Arafat's widow, Suha, asked Palestinian and Arab officials to defer to the French investigation, which was prompted by recent evidence suggesting the Palestinian leader may have been poisoned.

Last month, one of Mrs Arafat's lawyers said she had opted for the French inquiry because one led by either the West Bank's Palestinian Authority (PA) or Israel would be politically charged. PA officials have indicated they would cooperate with the French investigation.

"I respectfully ask the Palestinian Authority and the Arab League to suspend all initiatives while the French justice system is looking into the case, other than to act together with them," said Mrs Arafat, adding that the French investigation "should take precedence over all other procedures".

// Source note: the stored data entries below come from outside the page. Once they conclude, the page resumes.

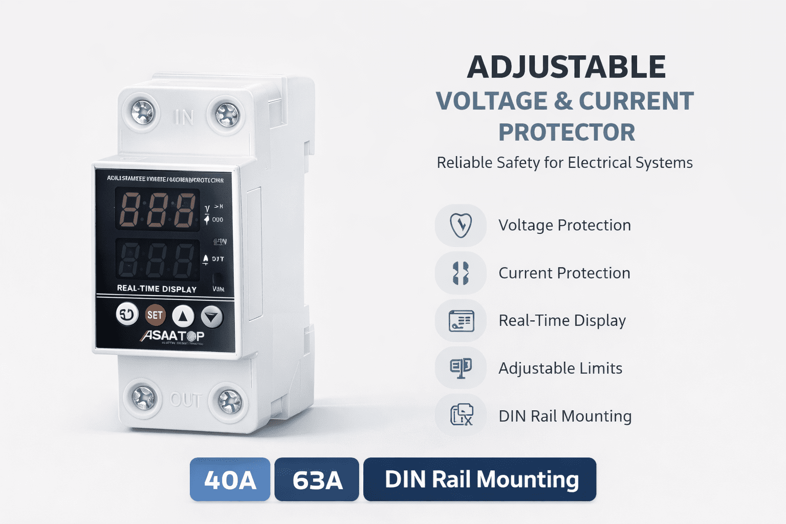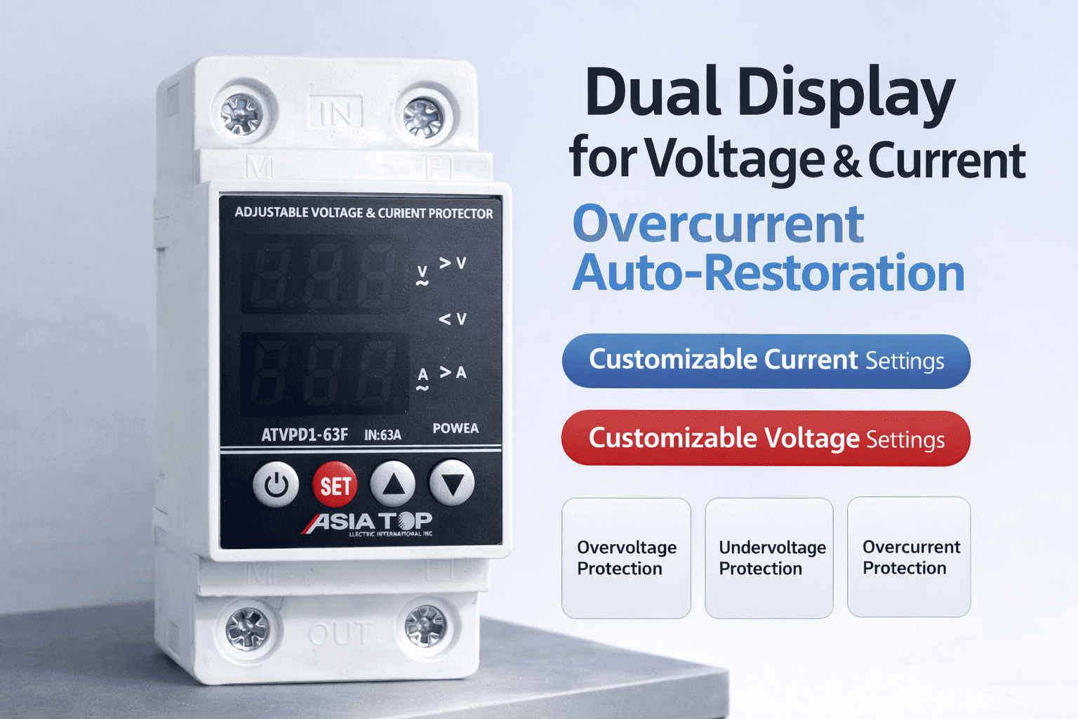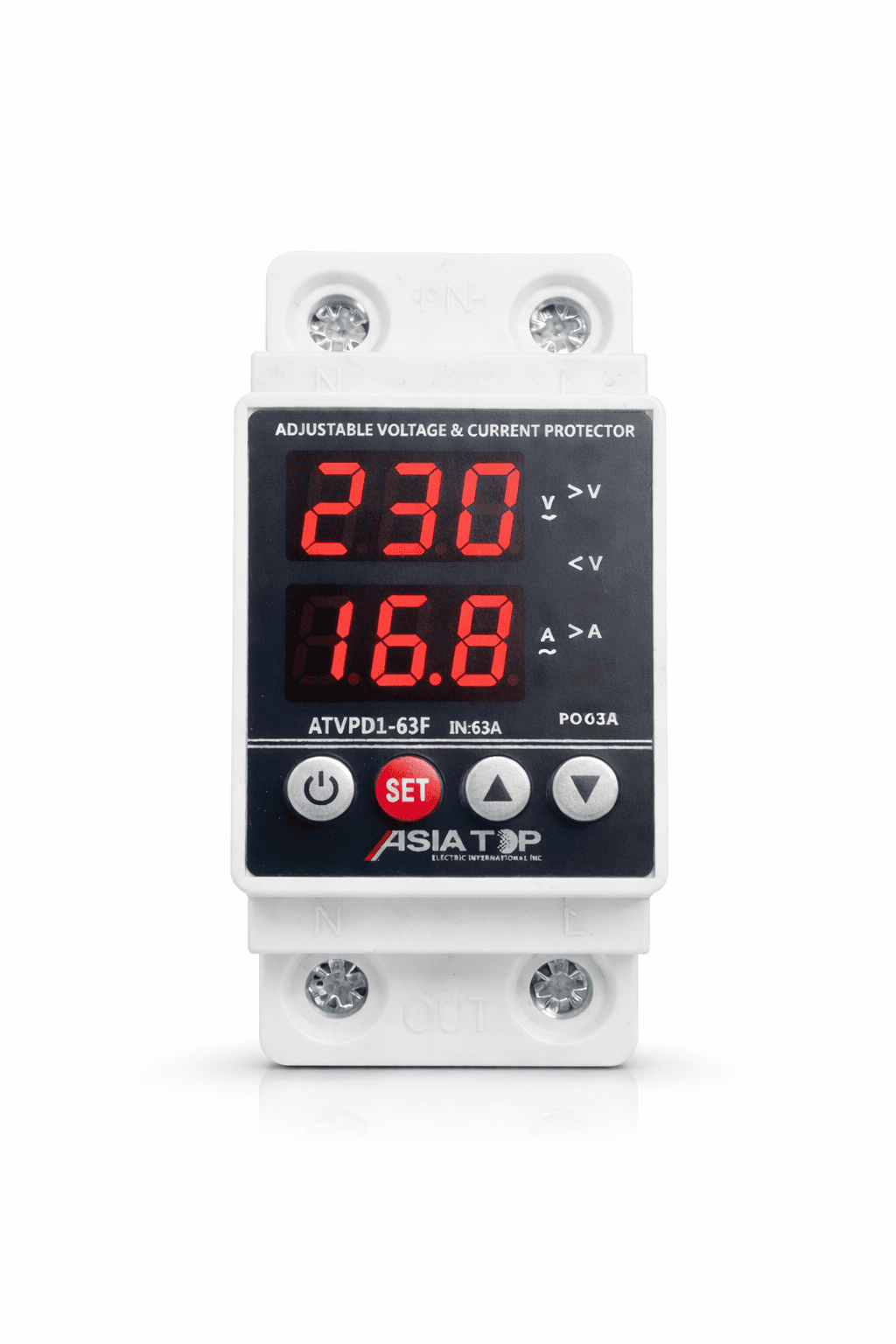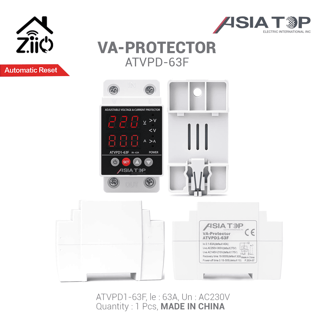 Protect your electrical appliances and systems with the ASIA-TOP Adjustable Voltage & Current Protector. This advanced device is designed to monitor, display, and regulate voltage and current levels in real-time, ensuring your equipment operates within safe parameters.
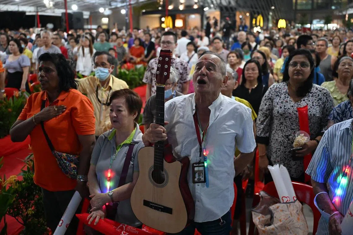 Residents singing the National Anthem at the May Day Sing-along event held next to Yew Tee MRT station on May 15.
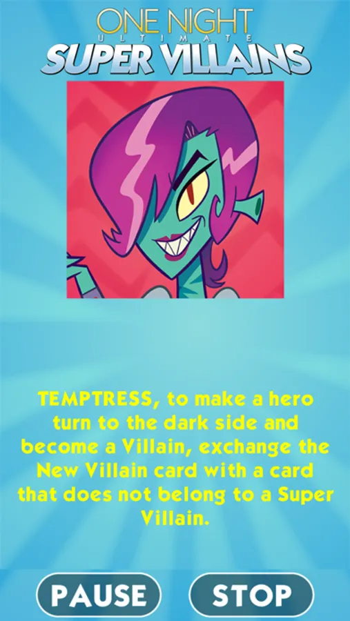 While this free companion app is not required, it provides amazing narration from Eric Summerer that guides players through the night phase of the game. Super Villains features artwork from One Night artist Gus Batts, done in the classic 90's Cartoon Network™ style.
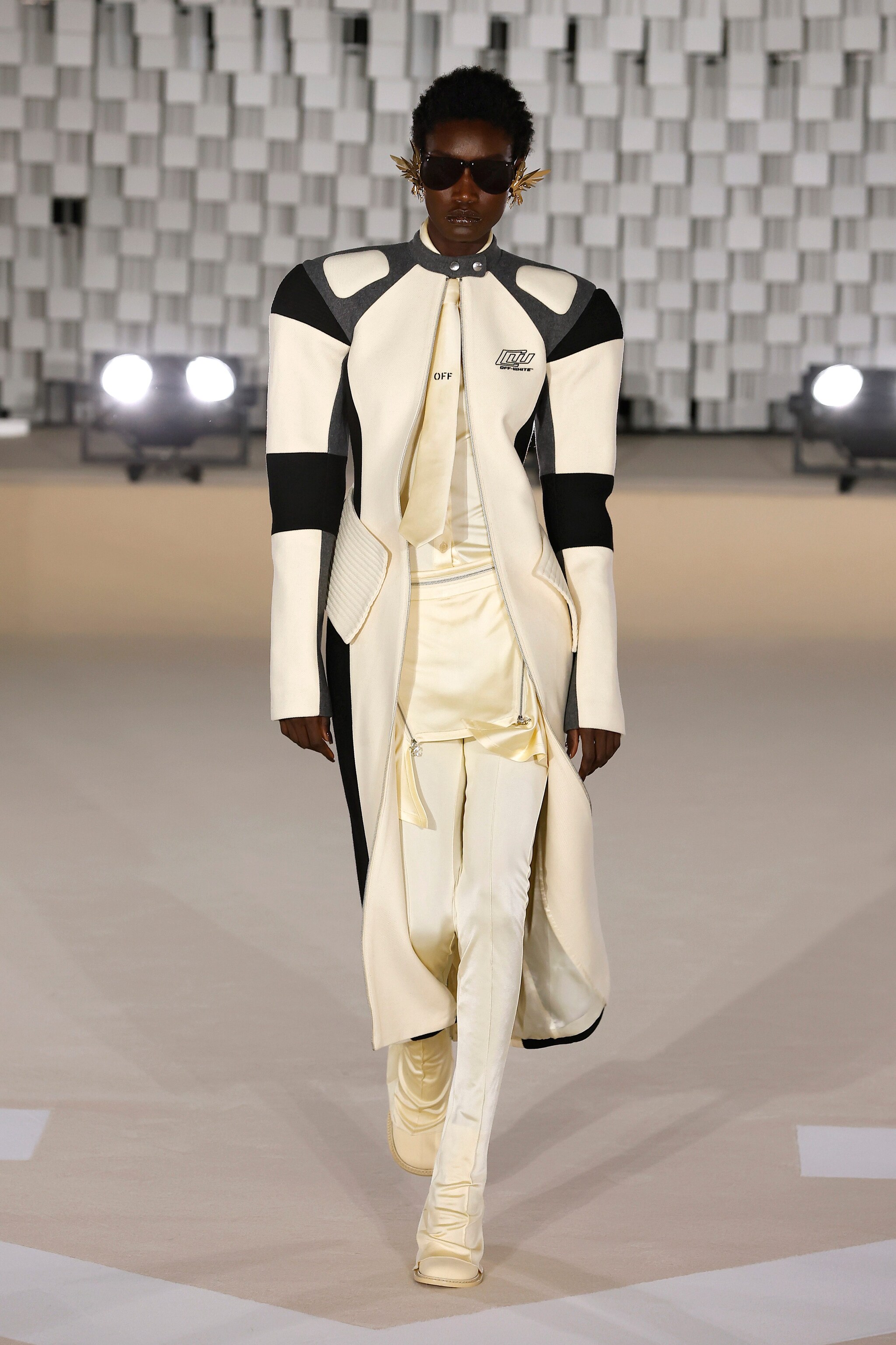 Lo stile militare si mescola con quello college alla Paris Fashion Week sulla passerella Autunno/Inverno 2025-2026 di Off-White, dove sfila una collezione fatta di contrasti di forme, colori e silhouette opposte
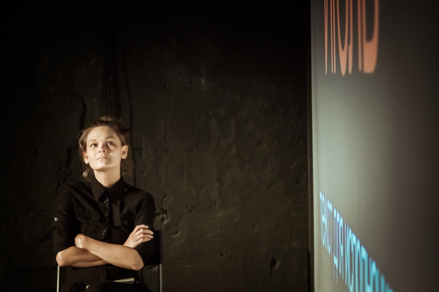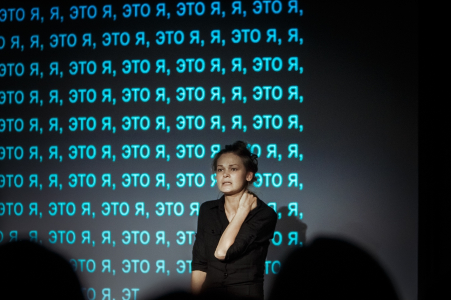 Внутри куба, у стенок которого сидели зрители, находился режиссер театра Дмитрий Волкострелов. Порой оттуда раздавалось щелканье - и тогда менялся фон экрана, гас свет, включались записи «4′33″». Словом, было соучастие. Актеров, как таковых, не было.
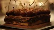 Laat hem nu op een rooster afkoelen tot kamertemperatuur en zet hem dan in de koelkast om in zeg 4 uur verder op te stijven. Snij de koek dan in kleine gelijke stukken met een groot glad mes.
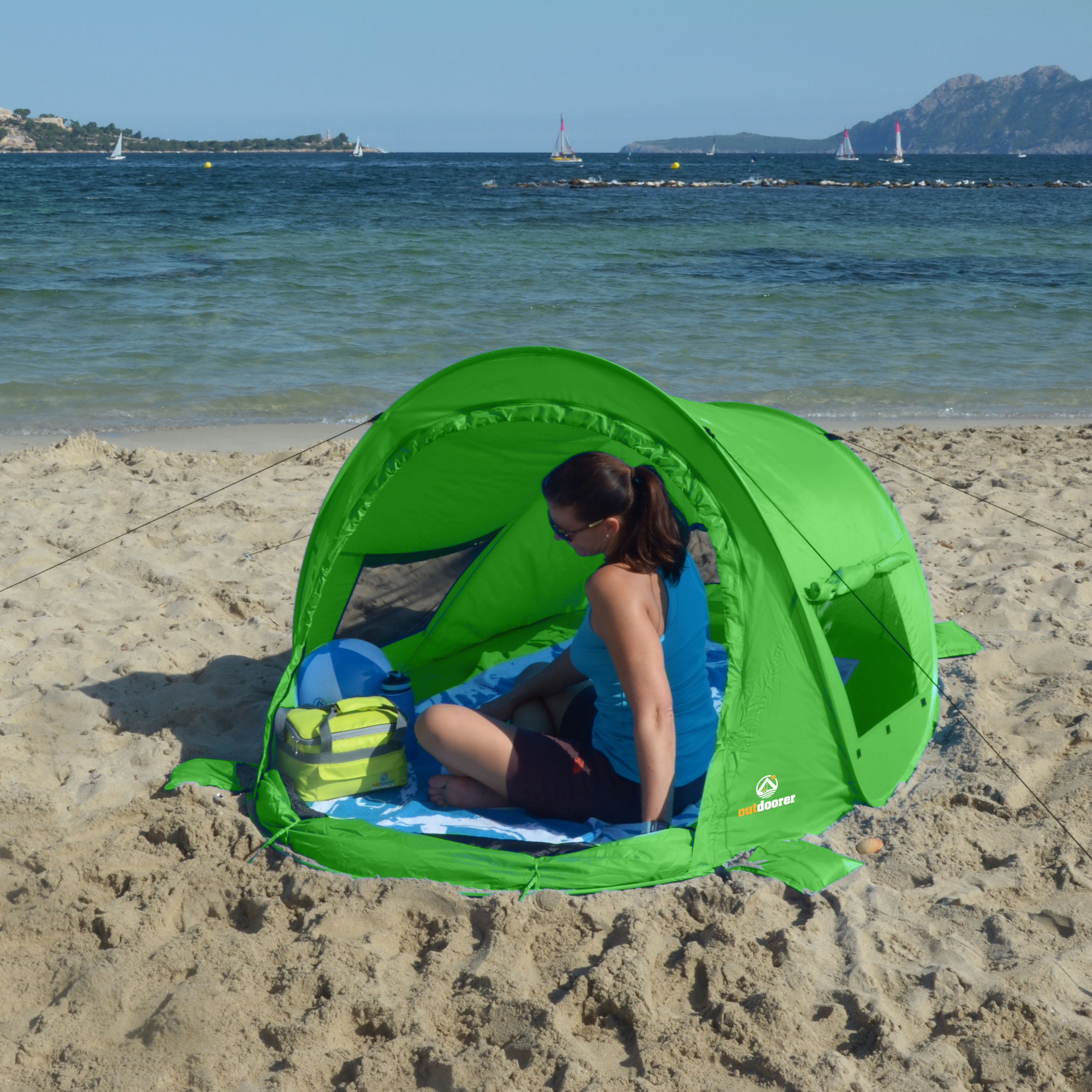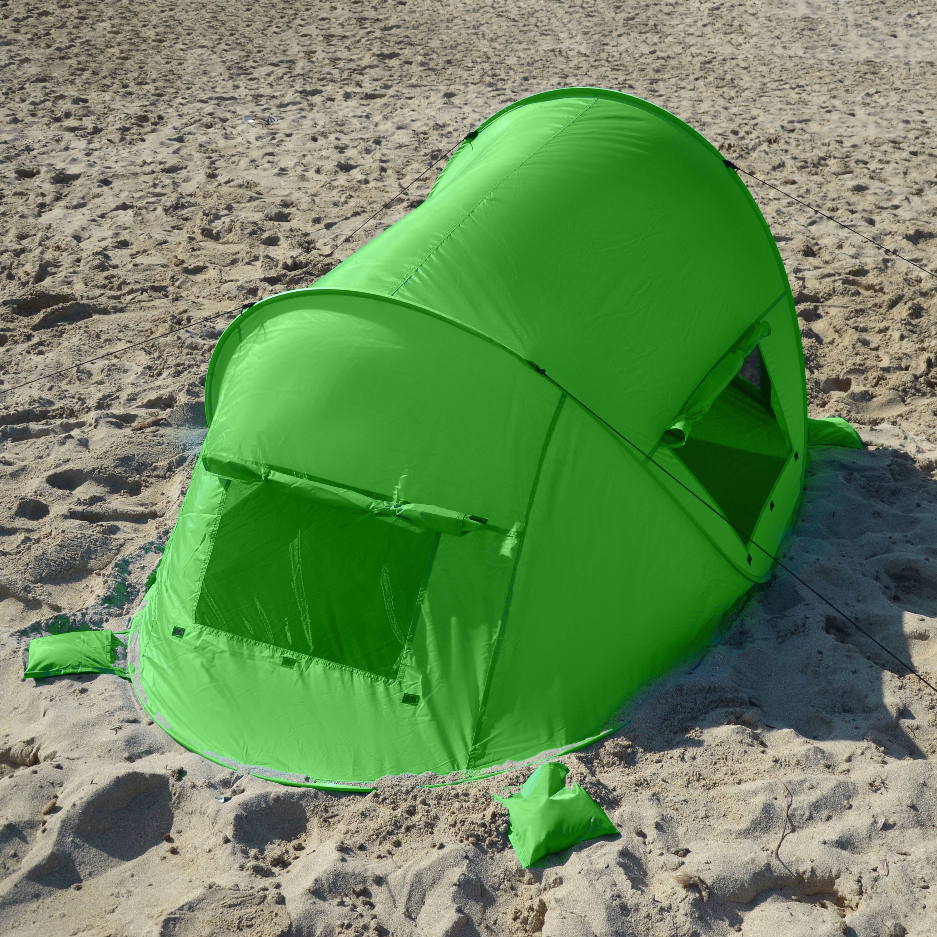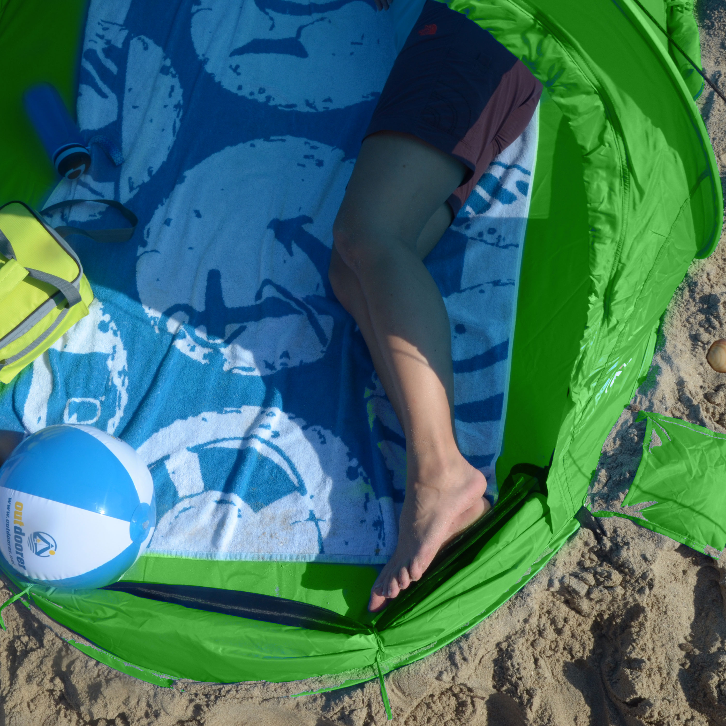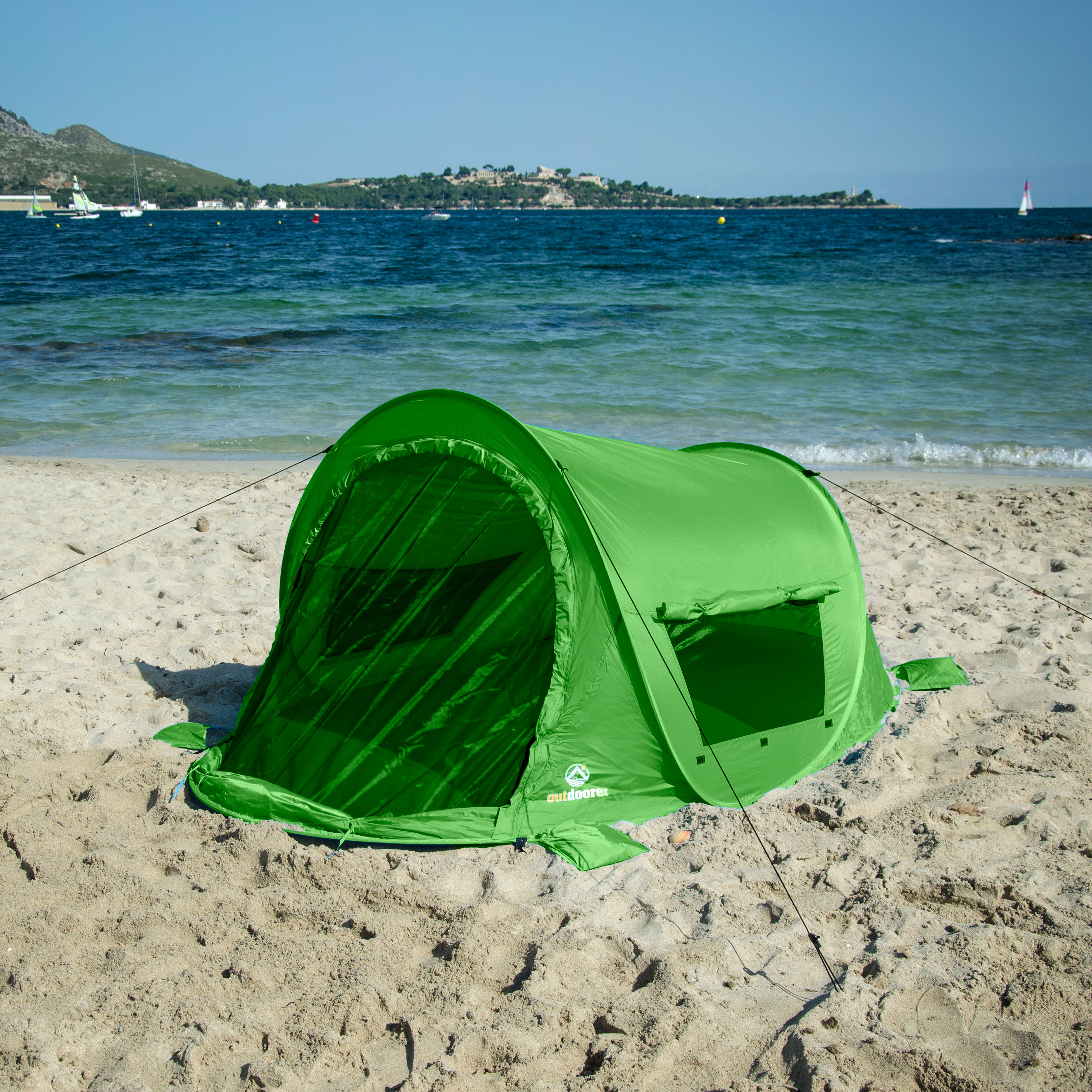 outdoorer Pop up Strandmuschel Zack Premium Family in Grün – mit verschließbarem Eingang
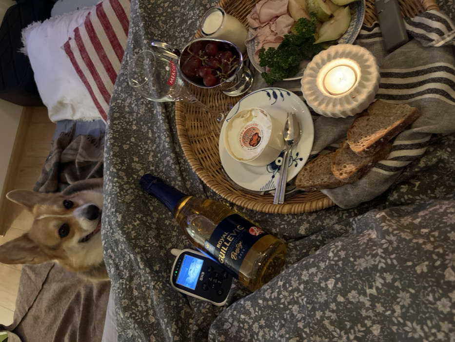 A wicker tray rests on a gray floral-patterned surface, holding a feast: grapes, cold cuts, cheese, bread, and a lit candle. A wine glass and a bottle of "Royal Guillevic Prestige" cider are nearby. A baby monitor is positioned next to the cider. A tan and white corgi peers into the scene from the lower left corner. Pillows with red and white stripes are visible in the background, suggesting a bed setting.

Scientists at the Swiss-based Institute of Radiation Physics laboratory recently found on Arafat's belongings traces of polonium-210 - the same radioactive isotope that was used to kill a Russian dissident in London six year ago.

No post mortem was ever performed on Arafat. Scientists at the laboratory warned last week that further delays in examining his body could complicate the procedure.

Arafat's remains are interred in a limestone tomb at the PA presidential compound in Ramallah. It is considered a temporary resting place because Arafat wanted to be buried in Jerusalem, as the capital of the Palestinian state.